Now we make a simplification: We assume that there is no latency if we do two memory loads after each other, which is actually not too unreasonable since often you can hide memory access latency under thread parallelism. In simple words, this means: While we wait for one 128×128 matrix copy to complete, we already do the next one. In doing it this way, we only wait for the first memory copy and we do not wait for other copies. This is a core reason why GPUs are fast and why we use many threads in GPUs thus 0 latency for overlapping memory transfers is not too far off from the real world. Using this simplification, we can now plainly use the memory bandwidth to compute the time needed to load the memory for the matrix multiplication. If we look at the bandwidth of the TPU we find that we have 600 GB/s, so we need 5.2e-05 seconds to transfer the 32 MB of data.
Transformers on GPUs
For a GPU we have the same process, but we use smaller tiles with more processors. Similarly to the TPU, we use two loads in parallel to hide memory latency. For GPUs, however, we would have a tile size of 96×96 for 16-bit data. If we take a V100 Tesla GPU, then we can run 160 of these in parallel at full bandwidth with low memory latency. What this means compared to a TPU: Instead of 2 matrix units which can hold 128×128 matrices, the GPU has 160 units (80 SMs, 160 thread blocks, each thread block has two 96×96 matrices) which hold two 96×96 matrices. Again this ensures that we can hide the memory latency through parallelism.
If we repeat the calculation from the top we receive the following: For matrix A with 256×1024 we have 33 96×96 tiles; for B with 1024×1024 we have 121 96×96 tiles. In total, we need to do 33*121=3993 loads of size 96×96 for a total of 70 MB. A V100 runs at 900 GB/s and so the memory loads will take 7.6e-05 seconds. Thus our model predicts that a GPU is 32% slower than a TPU for this specific scenario. Note that matrix tiles stay the same for an RTX 2080 Ti GPU, but the memory bandwidth decreases to 616 GB/s. Which means an RTX 2080 Ti is 54% slower than a TPU.
Note that both TPU and GPUs with Tensor Cores compute the respective matrix multiplication tile in one cycle. Thus the computation is about equally fast — the difference is only in how the memory is loaded.

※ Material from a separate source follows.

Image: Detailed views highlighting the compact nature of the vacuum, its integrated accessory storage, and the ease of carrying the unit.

BERT Training Time Estimate for GPUs
Using this data, a GPU cluster of V100s/RTX 2080 Tis with good networking (Infiniband +56GBits/s) and good parallelization algorithms (for example using Microsoft’s CNTK) we can expect to train BERT large on 64 GPUs (the equivalent to 16 TPUs) or BERT base on 16 GPUs in 5 1/3 days or 8 1/2 days. On an 8 GPU machine for V100/RTX 2080 Tis with any software and any parallelization algorithm (PyTorch, TensorFlow) one can expect to train BERT large in 21 days or 34 days and BERT base in 10 2/3 or 17 days. For a standard 4 GPU desktop with RTX 2080 Ti (much cheaper than other options), one can expect to replicate BERT large in 68 days and BERT base in 34 days.
Limitations of the Bandwidth Model
Note that all models are wrong, but some are useful. I would expect that this bandwidth model is in about 30% of the correct runtime values for TPU vs GPU.

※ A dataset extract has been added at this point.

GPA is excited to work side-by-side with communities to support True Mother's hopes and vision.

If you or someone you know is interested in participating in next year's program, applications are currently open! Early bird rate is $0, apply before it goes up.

The biggest limitation is that these calculations are for specific matrices sizes. Computational differences can be amplified for certain sizes. For example, if your batch-size is 128, there is a slight speedup for GPUs compared to TPUs. If you go below a batch size of 128 you can expect GPUs to be significantly faster; increasing the matrix B further makes TPUs better and better compared to GPUs. Decreasing the size of matrix B will make the performance of GPUs better. Note that the BERT paper optimized matrix A and B sizes for the TPU — one would not choose these dimensions if you train with a GPU. So this comparison might favor TPUs slightly.
Further direct limitations include fused operations. The TPU can calculate additional element-wise operations such as a non-linear activation function or a bias on the fly within a matrix multiplication. This means that the TPU does not need to load from slow global memory as often as a GPU. The GPU also supports these operations but NVIDIA has not implemented them and thus GPU users will not be able to benefit from this. Thus one can expect a slowdown of about 1.6% (loading and storing a 256×1024 matrix) for each element-wise operation for a GPU. For example, if you apply a non-linear function and a bias, then the TPU would be about 3.2% faster compared to GPUs in this scenario.
The Importance of 32-bit vs 16-bit vs 8-bit
If we repeat the same calculations from above for 32-bit values (64x64x tiles) we find that TPUs would be 5.3x faster. So the datatype size has a much larger effect than switching from TPU to GPU and vice versa.
TPUs do not support 8-bit training, but Turing GPUs do. So we can also have a look at how 8-bit matrix multiplication would impact performance. I published research on 8-bit models and it is not too difficult to train them with 8-bit alone. In fact, the literature on low-bit computing is quite rich. With 32-bit accumulation as supported by Turing GPUs 8-bit training should be even easier. If we can make 8-bit computing work for general models this would entail huge speedups for transformers. If we repeat the above calculations for 8-bit for GPUs (128×128 tile) we find that GPUs are 3.0x faster than TPUs. 8-bit computation on an affordable standard machine with 4 RTX 2080 Ti would take about 11 days for BERT base and 22 days for BERT large. All of this makes 16-bit computational ability for a GPU and important criterion if you are looking for a GPU to work with transformers.
TPUs are about 32% to 54% faster for training BERT-like models. One can expect to replicate BERT base on an 8 GPU machine within about 10 to 17 days. On a standard, affordable GPU machine with 4 GPUs one can expect to train BERT base for about 34 days using 16-bit or about 11 days using 8-bit.